No universo corporativo, as qualidades do líder fazem parte das chamadas Soft Skills, que na tradução literal significa “habilidades macias”, mas que, na verdade, significam habilidades comportamentais, interpessoais ou socioemocionais. Ou seja, competências não técnicas e não específicas de uma área de conhecimento. Elas envolvem a forma como as pessoas interagem, comunicam-se e se relacionam umas com as outras. No mundo dos negócios, as Soft Skills são essenciais para o seu sucesso, mas vemos que elas também são para o sucesso na vida pessoal de qualquer pessoa.
A boa notícia é que, por se tratar de uma habilidade, é possível se autodesenvolver para alcançá-la. Mas isso requer um passo anterior: conhecer a si mesmo, autoconhecer-se. Daí, o tema do autoconhecimento entra como premissa para uma boa liderança. O autoconhecimento desbloqueia o potencial de liderar nossas próprias vidas e acredito que essa liderança seja a primeira a ser exercida para aquele que pretende ser um bom líder. Depois de conquistar seu próprio universo, uma pessoa estará realmente apta para trazer evolução de uma equipe ou de uma organização. Caso contrário, conforme aumentam as dificuldades em sua gestão de liderança, corre-se o risco de perder o controle sobre seu próprio universo interno.

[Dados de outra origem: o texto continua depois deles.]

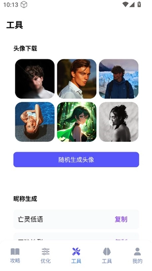 游咔盒子安卓版是一款功能丰富的手机实用工具,在这里你不仅能查询王者荣耀、大话西游等热门游戏的攻略玩法,还能调整屏幕画质、一键修改120帧等,此外,各类好听的昵称、好看的角色头像也能自由生成,为你带来更多乐趣,感兴趣的小伙伴快来游咔盒子安卓版体验吧。
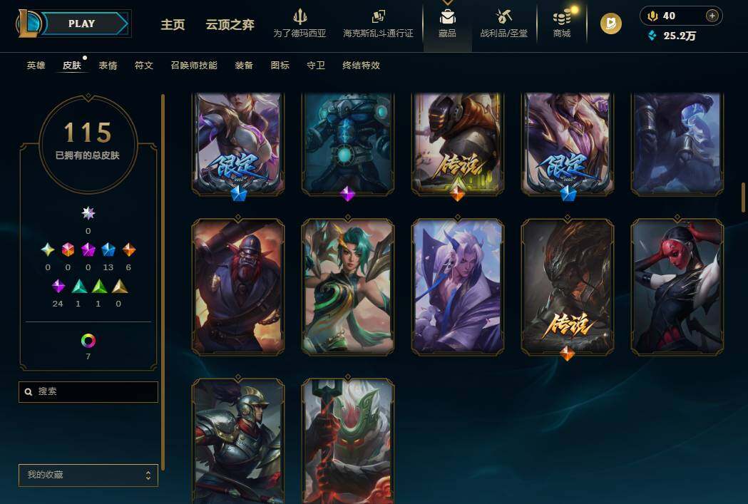 172英雄/115皮肤/14限定/5臻彩/11炫彩/6传说/

É ao mergulhar em suas próprias emoções e no “universo do sentir” que nos deparamos com nossas limitações e, também, com nossas virtudes; e é nesse encontro que podemos entender nossas forças e nossas fragilidades, potencializando as primeiras e fortalecendo as segundas. Ainda, nesse trabalho interior, o ego – o maior inimigo, não apenas do líder mas de todo ser humano – será confrontado. Sair de si mesmo e ir em direção ao outro, exercendo a empatia, seja talvez a capacidade mais “soft”, mais sofisticada e mais difícil de aprendermos. Na empatia, nos sintonizamos com alguém e estabelecemos com ela uma conexão verdadeira, nesse jogo, somos capazes de sentir a necessidade da outra pessoa e, ainda que discordemos, conseguimos ter uma atitude respeitosa diante disso, exercendo a famosa compaixão.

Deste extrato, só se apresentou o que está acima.